So now I have several questions:
Is the controller responsible for verifying user input or is that done when the input is passed to the model (i.e. calling Identifier.TryParse on the openid_identifier)?
I want to allow the user login, change their information (i.e. the user_id) and view their information (i.e. user_id, open_id and last_login). How many models do I need (ModifyModel, DisplayModel and LogInModel)?
What is the lifetime of a model? Does the model exist somewhere statically or is it just created by the controller and passed to the view?
Would it be better to add the database as a model instead of making the above models?
1) It could be yes, but a better approach would be to use Data Annotations on the ViewModel.
2) One model will do. A model should represent an overall object, in this case a "User". If the information required for each View differs greatly, then seperate them out into View Models.

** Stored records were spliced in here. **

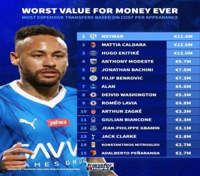 体育资讯1月29日报道宣称 德转列出球员场均出场花费排行,内马尔场均花费1280万欧居首,埃基蒂克、拉维亚榜上有名。
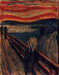 At the age of 30, Edward Munch painted The Scream. Self described as the try to represent "an infinite scream passing through nature", is probably the most known representation of Angst or Anguish. It expresses the artist's anxiety and pessimism, caused by the confusion and loneliness of existence.
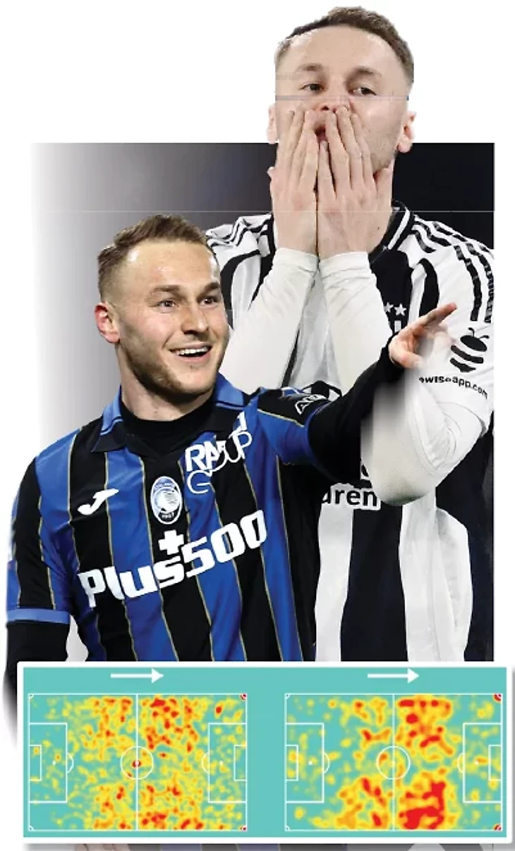 Чтобы разобраться, я сравнил его статистику с прошлым сезоном. Судя по «тепловым картам», серьезных отличий в его расположении на поле нет. Однако показатели эффективности заметно упали. В «Аталанте» процент голов по отношению к ударам в створ составлял 22%, тогда как в «Юве» — всего 3%. В сезоне 23/24 он забил 15 мячей, а в прошедшем дебютном сезоне у него только 5 голов.
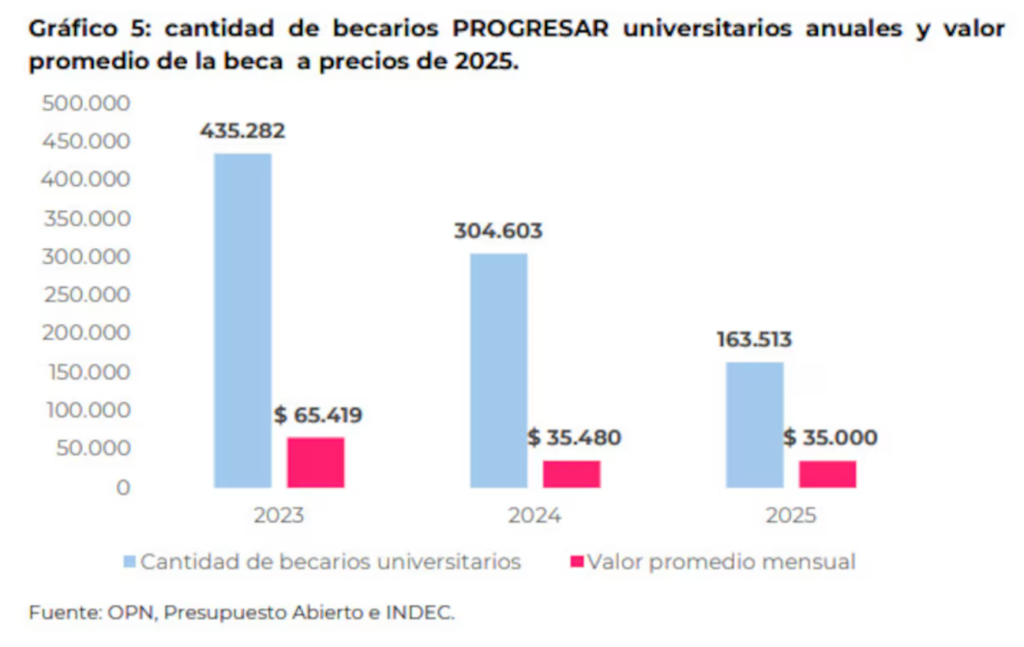 Por otro lado, el estudio del CIEN también refleja el efecto del desfinanciamiento en los estudiantes, relevando que entre 2023 y 2025 se redujo un 62,4% la cantidad de beneficiarios de las becas Progresar, mientras que el poder adquisitivo cayó 46,5%.
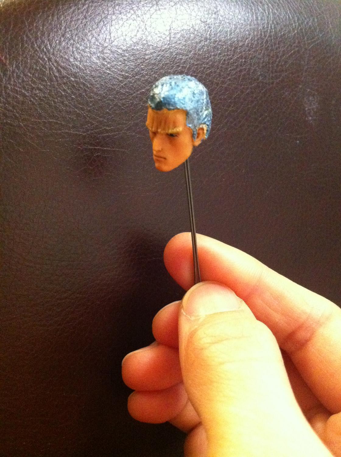 It's funny, I think would be cooler if you had not modified the head at all- it looked like an anime Steve Rogers.
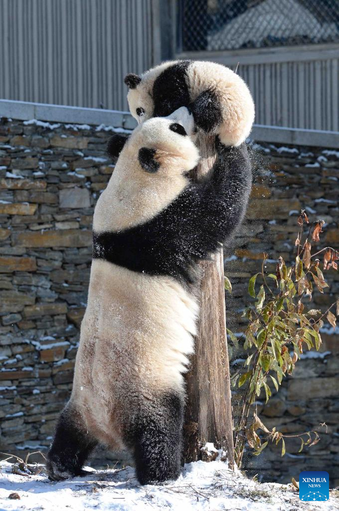 Giant pandas play at the snow-covered Shenshuping base of the China Conservation and Research Center for Giant Panda in Wolong, southwest China's Sichuan Province, Feb. 9, 2022. (Xinhua/Liu Kun)
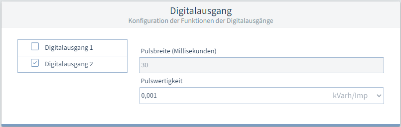 Der Ausgang arbeitet als Impulsausgang. Bei Erreichen einer bestimmten Wirk- oder Blindenergiemenge wird ein Impuls am Ausgang ausgegeben.
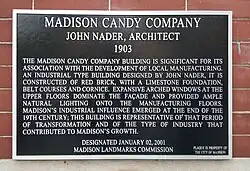 The site was designated a landmark by the Madison Landmarks Commission in 2001, and is also listed on the Wisconsin State Register of Historic Places.[5] The NRHP nomination considers the Candy Company building one of the few intact representatives of the development of industry in Madison in the 1900s. It is also Madison's best example of a historic confectionary facility, and its location in the east-side industrial district is a reminder of the anti-industry attitudes that some in Madison once held. The building is also a good example of industrial design and the work of local designer John Nader.[3]
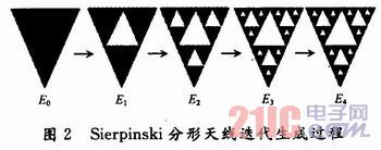 Sierpinski三角形是由波兰数学家Sierpinski提出的一种分形结构,图2显示了使用迭代函数系统(IFS)构造Sierpinski分形天线的过程,它的分形维数为:D=In 3/In 2=1.58。

3) Not sure what you mean. MVC (and ASP.NET in general) is based on the HTTP protocol, and is thus stateless. So when you hit a URL, a Controller is assigned, then objects are newed up as the code requires it - this includes a database connection. Then when the request is finished, everything is gone (managed resources anyway). Try not to get confused with the word "model". It's not a physical entity, rather an area of your programming model.
4) Generally, your "model" is your Repository/DAL/ORM, which wraps your underlying database, and represents your domain model. Your View's shouldn't be concerned with the domain. That is the job of your Controller/Model. Your View should work with what it needs, and no more. This is why as a rule of thumb, never bind directly to an ORM model, use a ViewModel.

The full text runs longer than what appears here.